Dragon and Ceremony (Vol. 3) • The Executioner and Her Way of Life (Vol. 1) • Fly Me to the Moon (Vol. 14) • Frieren: Beyond Journey’s End (Vol. 6) • A Galaxy Next Door (Vol. 3) • I Was Reincarnated as the Villainess in an Otome Game but the Boys Love Me Anyway! (Vol. 3) • Tsubaki-chou Lonely Planet (Vol. 1) • Zom 100: Bucket List of the Dead (Vol. 8)
Frieren: Beyond Journey’s End, Manga Vol. 6
Volume six of Frieren continues to demonstrate the gentleness, love, and care that makes this a remarkable series. Dwelling in the past less than previous volumes, this one still makes its brief travels to Frieren’s original adventure count by creating fulfilling connections between then and now. Frieren continues with the second stage of the mage certification exam, with the most challenging foe possible lying ahead, deep within the king’s tomb. While the quest and accompanying fights themselves are fascinating, the tenderness of the manga’s theme—we’re blessed and built by the friendships that grab ahold of us—continues to be the heart of Frieren, even in the midst of competition. I shouldn’t have been surprised, then, that Kanehito Yamada makes use of a specific spell in the text to weave a simple but heartfelt story within these chapters that brought tears to my eyes. But that’s just another volume for Frieren, the most magical and warm manga I think I’ve ever read. ~ Twwk
Frieren: Beyond Journey’s End is published by VIZ Media.

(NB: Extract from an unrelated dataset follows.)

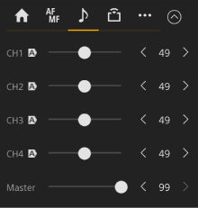 Naudodami GUI valdymo skydelį galite pereiti prie fotoaparato meniu, valdyti klipų atkūrimą ir kitas funkcijas. Paspausdami skirtuką [Cam GUI] (fotoaparato GUI) galite įjungti GUI valdymo skydelį.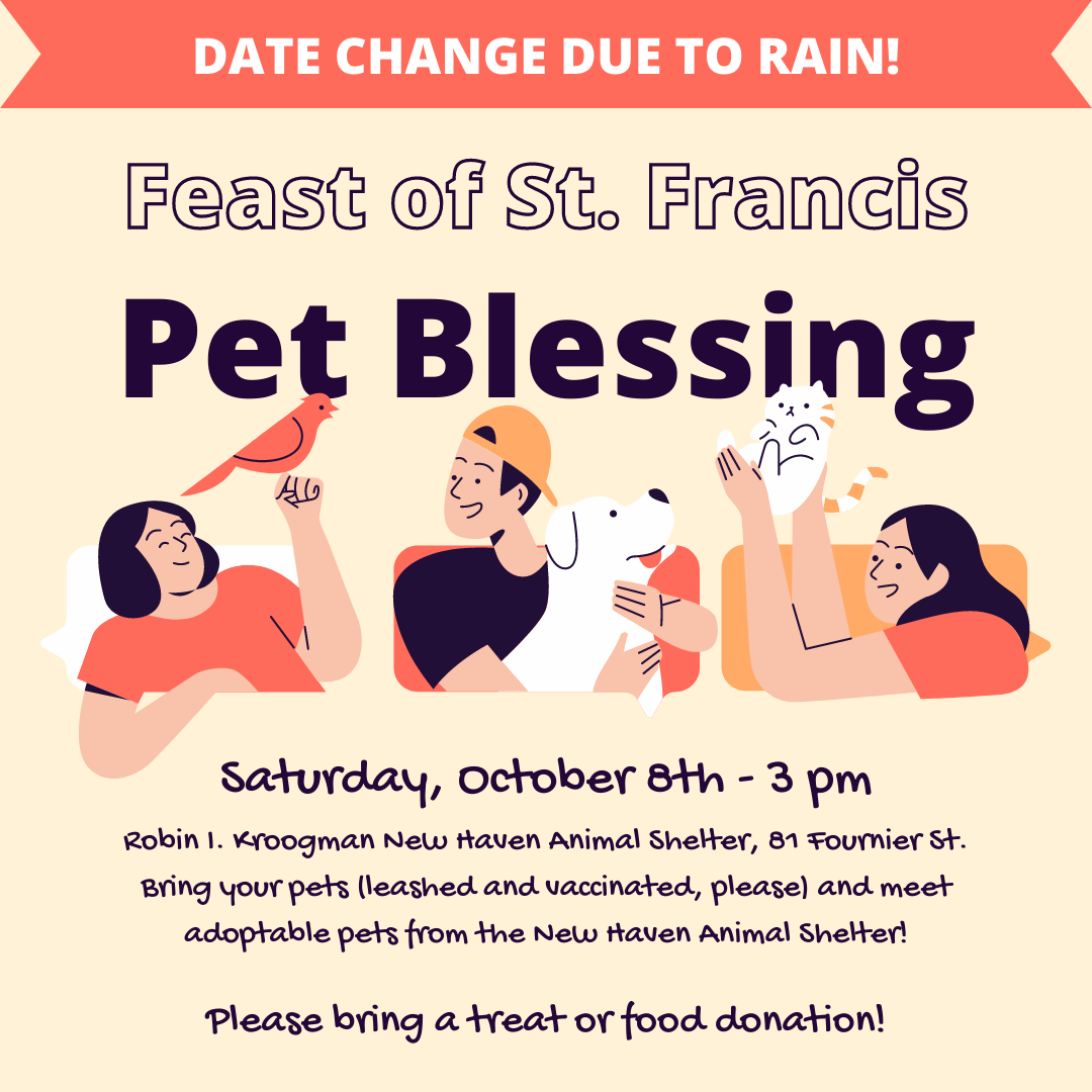 DATE CHANGE: Due to incoming rain, this fun event has been moved to Saturday, Oct. 8, at the Robin I. Kroogman New Haven Animal Shelter. Treat or food donations encouraged! Bring your pet (licensed and vaccinated, please) or stuffed animal at 3 p.m., receive the blessing and meet some of the adoptable animals from the shelter. Co-sponsored by #thecityofnewhavenhumanecommission#newhavenanimalshelter

Dragon and Ceremony (God’s Many Forms), Light Novel Vol. 3
Volume three of Dragon and Ceremony feels as if it’s a long, long way from book one. In fact, as it concludes, Yuui tells Ix that it seems far longer than a few months that the two have known each other. The paths of these two—the young woman with royal blood virtually held for ransom outside her home country, and the gifted wandmaker without an ounce of magic in his body—continue to cross. Book three moves further away from the naivete, romance, and fantasy adventures of book one and toward religion, with the former character caught up in a reform movement and the latter creating a magic staff at a monastery. There, Ix meets another apprentice wandmaker, Shuno, whose burst of authenticity and nervousness add much needed warmth and humor to this volume which otherwise is drawing Yuui and Ix further and further from each other, despite their proximity. I had felt that the greatest strengths of Dragon and Ceremony were the relationship between the protagonists and the heart that author Ichimei Tsukushi is able to express in the tale. Both are lacking somewhat here, which makes me wonder what Tsukushi is ultimately intending to do. But that’s not to say that volume three isn’t a fantastic read in its own right. There’s richness to the conversations about religion, and a critique, I think, regarding how authorities may manipulate it in a selfish but subtle way that could change the lives of many, particularly commoners and those that are vulnerable. Still, I wonder if Tsukushi will ever return to the dreamy loveliness of volume one, because while I appreciate the way he weaves a story and how each volume feels like an entirely different world (it’s much like Spice & Wolf in that manner), what I most like about Dragon and Ceremony are Yuui and Ix, and Yuui and Ix together, growing and caring for one another. I hope we return to that at some point, though foreshadowing indicates that it may be a rough and long road before it happens. ~ Twwk
Dragon and Ceremony is published by Yen Press.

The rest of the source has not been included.